7 gaster, syok septik, gagal nafas dan gagal ginjal akut dengan penerapan passive leg movement di Intensive Care Unit (ICU) RSUP dr. M. Djamil Padang. B. Tujuan 1. Tujuan Umum Mahasiswa mampu memaparkan hasil asuhan keperawatan pada klien dengan post laparatomi eksplorasi atas indikasi perforasi gaster, syok septik, gagal nafas dan gagal ginjal akut dengan penerapan passive leg movement pada pasien yang terpasang ventilasi mekanik di Intensive Care Unit (ICU) RSUP Dr. M. Djamil Padang. 2. Tujuan Khusus a. Menjelaskan hasil pengkajian pada pasien post laparatomi eksplorasi atas indikasi perforasi gaster, syok septik, gagal nafas dan gagal ginjal akutdi ICU RSUP dr. M. Djamil Padang. b. Menjelaskan diagnosa keperawatan pada pasien post laparatomi eksplorasi atas indikasi perforasi gaster, syok septik, gagal nafas dan gagal ginjal akut di ICU RSUP dr. M. Djamil Padang. c. Menjelaskan rencana pencapaian asuhan pada pasien post laparatomi eksplorasi atas indikasi perforasi gaster, syok septik, gagal nafas dan gagal ginjal akut di ICU RSUP dr. M. Djamil Padang. d. Menjelaskan implementasi pada pasien dengan post laparatomi eksplorasi atas indikasi perforasi gaster, syok septik, gagal nafas dan gagal ginjal akut di ICU RSUP dr. M. Djamil Padang.

8 e. Menjelaskan evaluasi tindakan keperawatan yang telah dilakukan sesuai dengan rencana keperawatan pada pasien dengan post laparatomi eksplorasi atas indikasi perforasi gaster, syok septik, gagal nafas dan gagal ginjal akut di ICU RSUP dr. M. Djamil Padang. f. Menjelaskan evaluasi penerapan passive leg movement pada pasien post laparatomi eksplorasi atas indikasi perforasi gaster, syok septik, gagal nafas dan gagal ginjal akut di ICU RSUP dr. M. Djamil Padang. C. Manfaat 1. Bagi Profesi Keperawatan Dapat meningkatkan mutu pelayanan kesehatan dan sebagai bahan pertimbangan dalam mengambil kebijakan dalam upaya memberikan asuhan keperawawatan pada pasien dengan post laparatomi eksplorasi atas indikasi perforasi gaster, syok septik, gagal nafas dan gagal ginjal akut di ICU RSUP dr.
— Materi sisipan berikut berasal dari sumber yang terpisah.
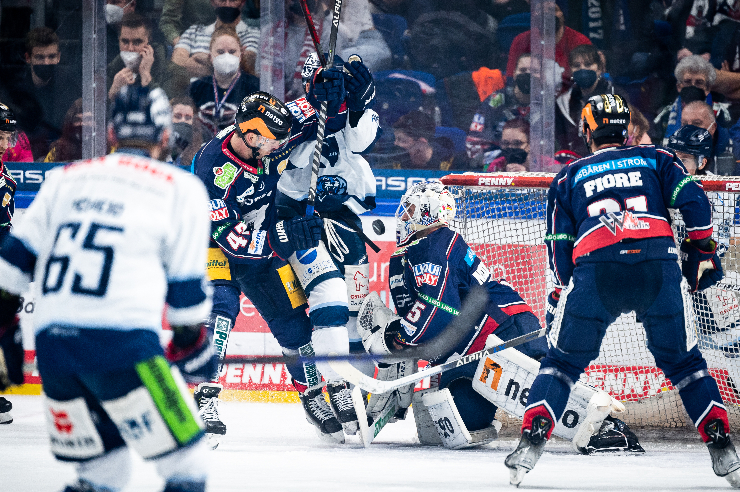 In der 52. Minute belohnten sich die Haie für das unermüdliche Anrennen. Landon Ferraro fälschte einen Schuss von Moritz Müller zum 4:2 ab.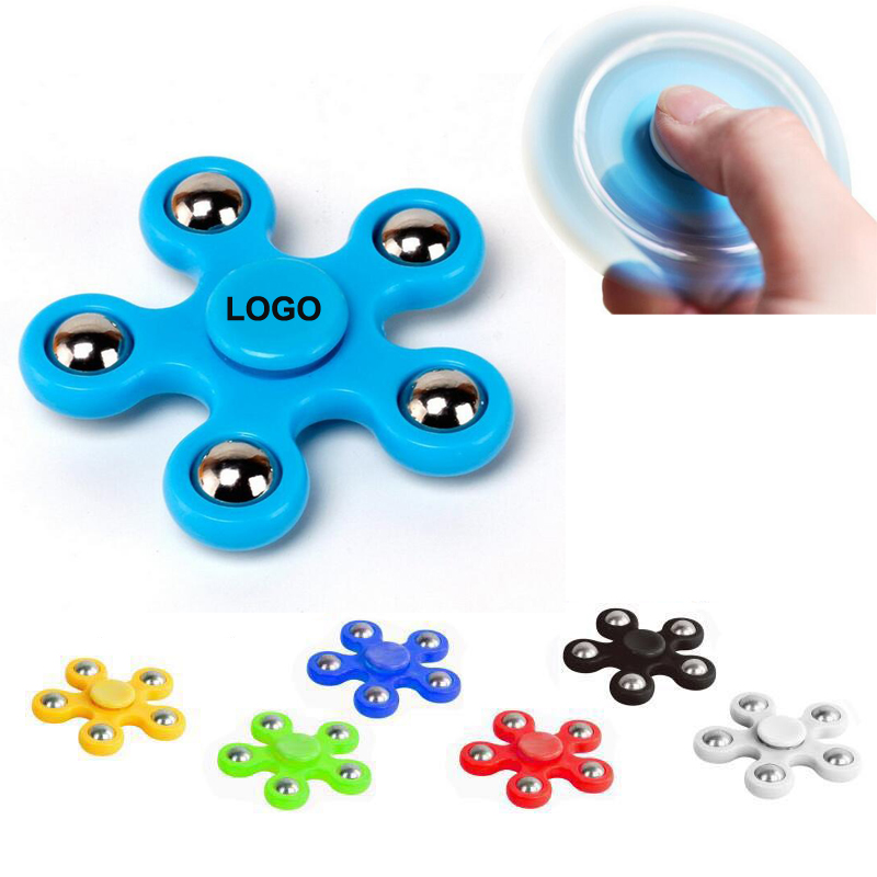 Cheap plastic fidget spinner, mini and five leaves design. Size is around 2 1/2"x 2 1/2". Easy to stop and start spinning. Great for children and promotional purpose. Many colors for your option. Your customized logo can be imprinted on the middle.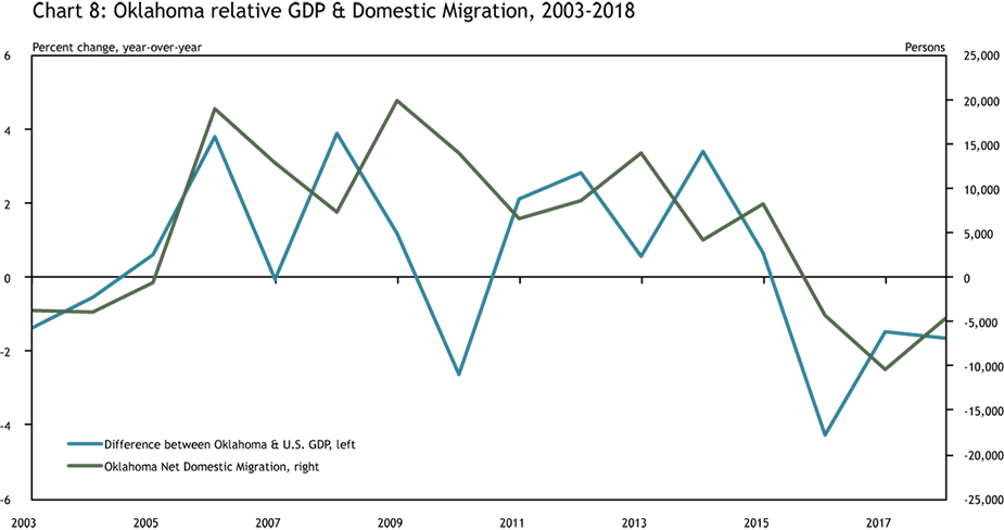 Net migration flows to and from Oklahoma in recent decades generally have mirrored the strength of the state’s economy relative to the nation. GDP in the state grew faster than the nation in most years from 2005 to 2015—years of positive net domestic migration flows. But these trends both reversed following the 2014-15 drop in oil prices and persisted through 2018, as GDP weakened and prime-aged workers moved out beginning in 2016 (Chart 8). Moreover, as the state’s economy and job opportunities became relatively worse, state government revenues declined. This resulted in sizable cuts to the Oklahoma state budget in 2016 and 2017, including to some key services for citizens such as education and health care, which may have exacerbated migration trends.

M. Djamil Padang. 2. Bagi Pasien Dapat meningkatkan tingkat kepuasan pasien terhadap mutu asuhan keperawatan khususnya pada pasien dengan post laparatomi eksplorasi atas indikasi perforasi gaster, syok septik, gagal nafas dan gagal ginjal akut di ICU RSUP dr. M. Djamil Padang.

9 3. Bagi Institusi Rumah Sakit Dapat memberikan masukan bagi bidang keperawatan umumnya dan para tenaga perawat di ruang ICU RSUP Dr. M. Djamil Padang, khususnya dalam memberikan asuhan keperawatan pada pasien dengan post laparatomi eksplorasi atas indikasi perforasi gaster, syok septik, gagal nafas dan gagal ginjal akutdan penerapan passive leg movement pada pasien dengan ventilasi mekanik di ICU RSUP dr. M. Djamil Padang. 4. Bagi Pengetahuan Dapat memberikan referensi dan masukan tentang asuhan keperawatan pada pasien dengan post laparatomi eksplorasi atas indikasi perforasi gaster, syok septik, gagal nafas dan gagal ginjal akut dan penerapan passive leg movement di RSUP Dr. M. Djamil Padang.